Зал взорвался аплодисментами.

* * *

…встав у стойки, Лоринков налил себе еще выпить.

– Хочешь пить? – спросил его бармен.

– Да, – сказал Лоринков.

– Так выпей воды, – сказал бармен.

– Я не собака утолять жажду водой, – сказал Лоринков.

– Все-то ты украл, – сказал бармен, и заставил Лоринкова вернуть мелочь в кассу.

– Даже этот ответ и диалог, – сказал он.

– Я постмодернист, – сказал Лоринков.

– Мне можно, – сказал он.

Поглядел на руки. Алели шрамы. Дрожали пальцы. Левая рука так вообще все дергалась, кисть ходила, как у капитана в фильме про рядового Райена. Да еще и рана начала синеть по краям.

Лоринков поправил воротник рубахи правой рукой, потянулся к бутылке.

– У тебя жена, дети, есть? – спросил бармен.

– Да, – сказал Лоринков.

– У тебя дома дети, жена, а ты тут такой муйней занимаешься, – сказал бармен.

– Заткнись чмо, – сказал Лоринков

– Что у тебя с руками? – сказал бармен.

– Натер, – сказал Лоринков.

– Дрочил, что ли? – спросил бармен.

Лоринков, не размахиваясь, ударил того бутылкой в висок. Бармен недоуменно глянул на помощника, прицелился, размахнулся, и только тогда упал, отключившись. Лоринков выпил еще. Случившегося не заметил никто, потому что в клубе уже дрались. Какой-то смуглый мужчина с чистейшим московским выговором швырял в публику пустые пивные кружки, в ответ в него летели столы.

– Бездарности и графоманы, – кричал мужчина.

– Ма-а-а-а-сквичи сраные! – кричал он с чистейшим московским акцентом.

– Гастарбайтер, – кричали в ответ люди.

Лоринков разбил бутылку об край стола, сунул в спину кому-то «розочку», припер забившееся тело к стойке, пошарил по карманам.
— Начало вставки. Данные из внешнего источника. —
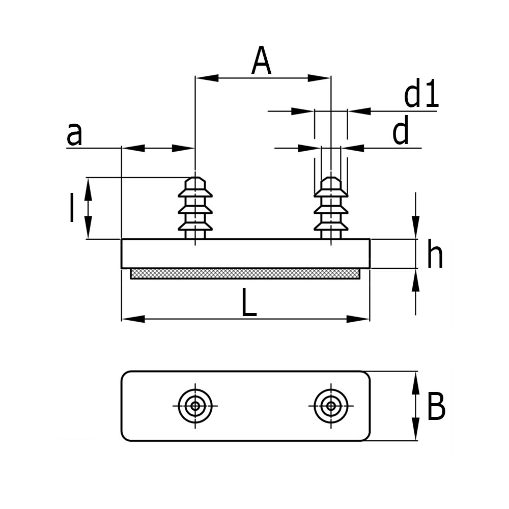 A=Zapfenabstand, a=Abstand zum Zapfenmitten B=Plattenbreite, d=Kern-Ø des Zapfens, d1=Lamellen-Ø des Zapfens, h=Plattenstärke, L=Plattenlänge, l=Zapfenlänge, Rohrmaß=Plattenmaß
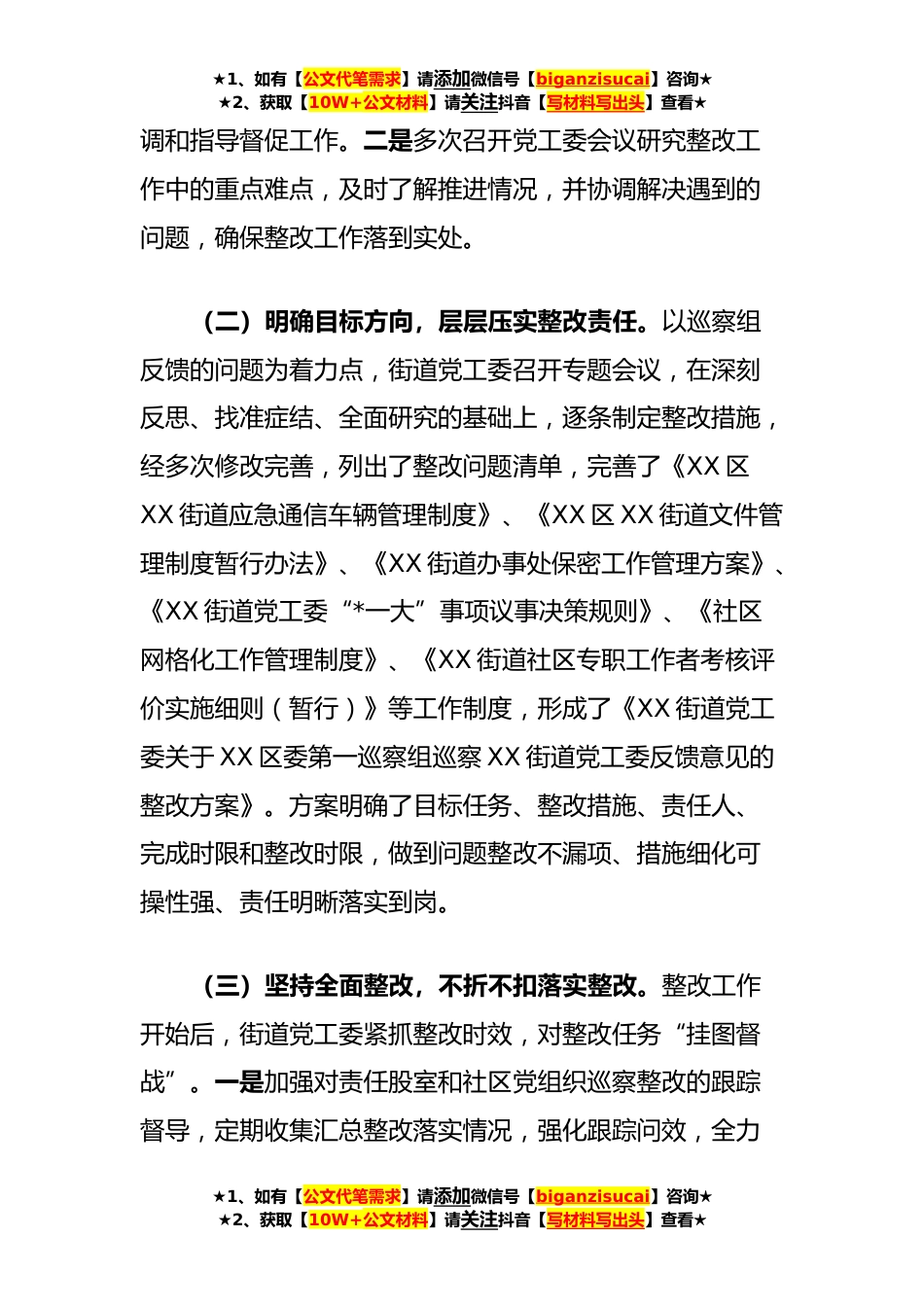 ★1、如有【公文代笔需求】请添加微信号【biganzisucai】咨询★★2、获取【10W+公文材料】请关注抖音【写材料写出头】查看★XX街道党工委巡察整改工作情况报告按照XX区委统一安排部署,**年X月*至X月*,区委第一巡察组对XX街道党工委进行了巡察,并于**年XX月*日向XX街道党工委反馈了巡察意见。根据《中国共产党巡视工作条例》和巡察工作有关要求,现将巡察整改情况予以公布:一、直面问题,强化责任,把巡察整改作为重要政治任务抓紧抓实抓好街道党工委切实落实整改主体责任,以巡察整改工作的实效推动建章立制,真抓实改,确保整改工作取得实效,提高全面从严治党的政治自觉性,推进各项工作扎实开展。(一)强化组织领导,确保整改有条不紊。区委第一巡察组反馈意见后,街道党工委坚决扛起巡察整改政治责任,以...
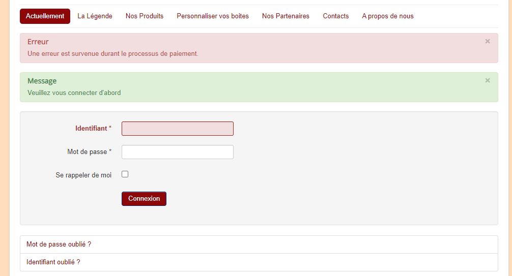 Je vous ai mis une capture de l'écran avec le message qui s'affiche : "Erreur Une erreur est survenue durant le processus de paiement."
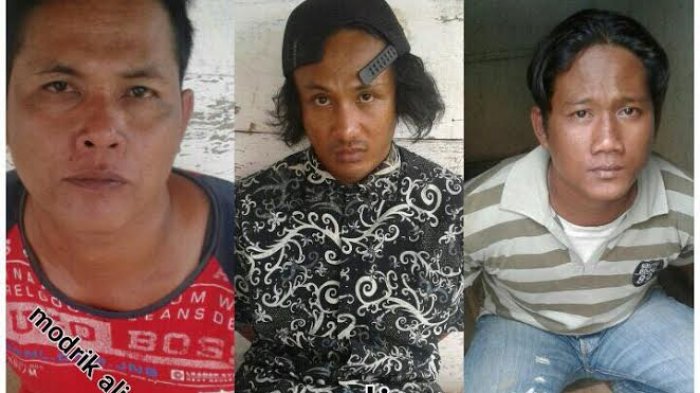 Ketiganya yakni Deki (30), Modrik (38) dan Rudi Hartono (22). Dari tangan pelaku diamankan satu buah sajam dan satu buah sebo penutup wajah.
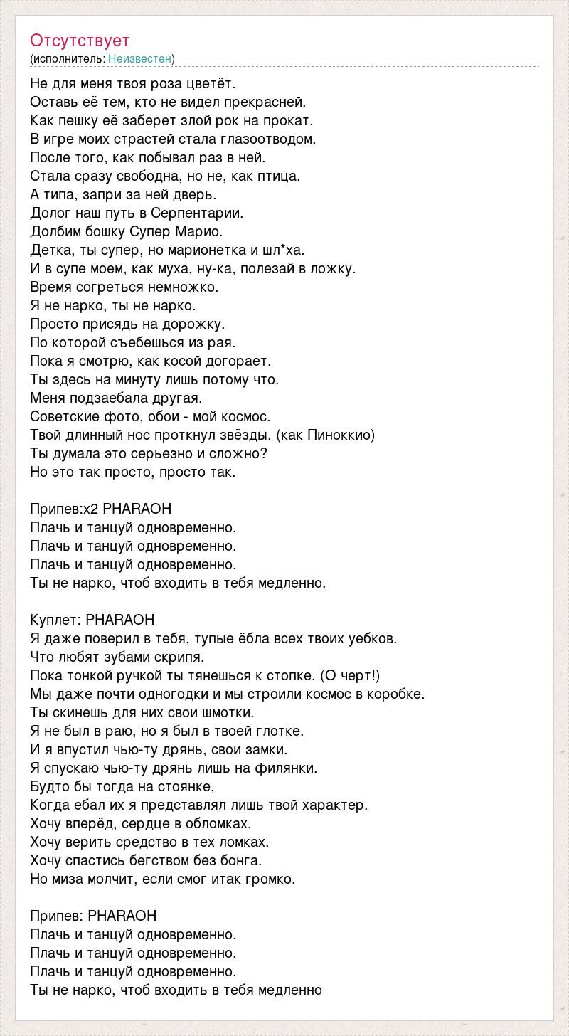 Не для меня твоя роза цветёт. Оставь её тем, кто не видел прекрасней. Как пешку её заберет злой рок на прокат. В игре моих страстей стала глазоотводом. После того, как побывал раз в ней. Стала сразу свободна, но не, как птица. А типа, запри за ней дверь. Долог наш путь в Серпентарии. Долбим бошку Супер Марио. Детка, ты супер, но марионетка и шл*ха. И в супе моем, как муха, ну-ка, полезай в ложку. Время согреться немножко. Я не нарко, ты не нарко. Просто присядь на дорожку. По которой съебешься из рая. Пока я смотрю, как косой догорает. Ты здесь на минуту лишь потому что. Меня подзаебала другая. Советские фото, обои - мой космос. Твой длинный нос проткнул звёзды. (как Пиноккио) Ты думала это серьезно и сложно? Но это так просто, просто так. Припев:х2 PHARAOH Плачь и танцуй одновременно. Плачь и танцуй одновременно. Плачь и танцуй одновременно. Ты не нарко, чтоб входить в тебя медленно. Куплет: PHARAOH Я даже поверил в тебя, тупые ёбла всех твоих уебков. Что любят зубами скрипя. Пока тонкой ручкой ты тянешься к стопке. (О черт!) Мы даже почти одногодки и мы строили космос в коробке. Ты скинешь для них свои шмотки. Я не был в раю, но я был в твоей глотке. И я впустил чью-ту дрянь, свои замки. Я спускаю чью-ту дрянь лишь на филянки. Будто бы тогда на стоянке, Когда ебал их я представлял лишь твой характер. Хочу вперёд, сердце в обломках. Хочу верить средство в тех ломках. Хочу спастись бегством без бонга. Но миза молчит, если смог итак громко. Припев: PHARAOH Плачь и танцуй одновременно. Плачь и танцуй одновременно. Плачь и танцуй одновременно. Ты не нарко, чтоб входить в тебя медленно

Не почувствовав удара, опустился на колено, изумившись тому, что в глазах вдруг позеленело. Поняв, что пропустил слева, броском в ноги оторвал незнакомца от пола, швырнул в стену. Бросил вверх стул, – целясь в лампочку, – в темноте пополз торопливо под стол, прижимая левой рукой чью-то бутылку. Съежился в комочек, постарался выпить все залпом, отпихивал кого-то ногами, потом все-таки вылез, бросился в кучу мала, что-то еще пил, блеванул, снова ударили, бил кого-то, опять зеленое, вспышка, свет, да, не…

Играла, перекрикивая гул коллективной драки, музыка.

– Персонал Жесус, – мрачно пел солист «Депеш Молд».

Жесус, – пел он.

Казалось, что звал.

* * *

В тот вечер в планах сценариста Лоринкова посещение поэтического клуба не значилось. Он, напротив, побрился и даже ничего не пил, потому что должен был сдать очередную главу театрального сценария. В противном случае, – сказал дедушка Антон Палыч, нанявший Лоринкова несколько месяцев назад, – никакого Простоквашино не предвидится.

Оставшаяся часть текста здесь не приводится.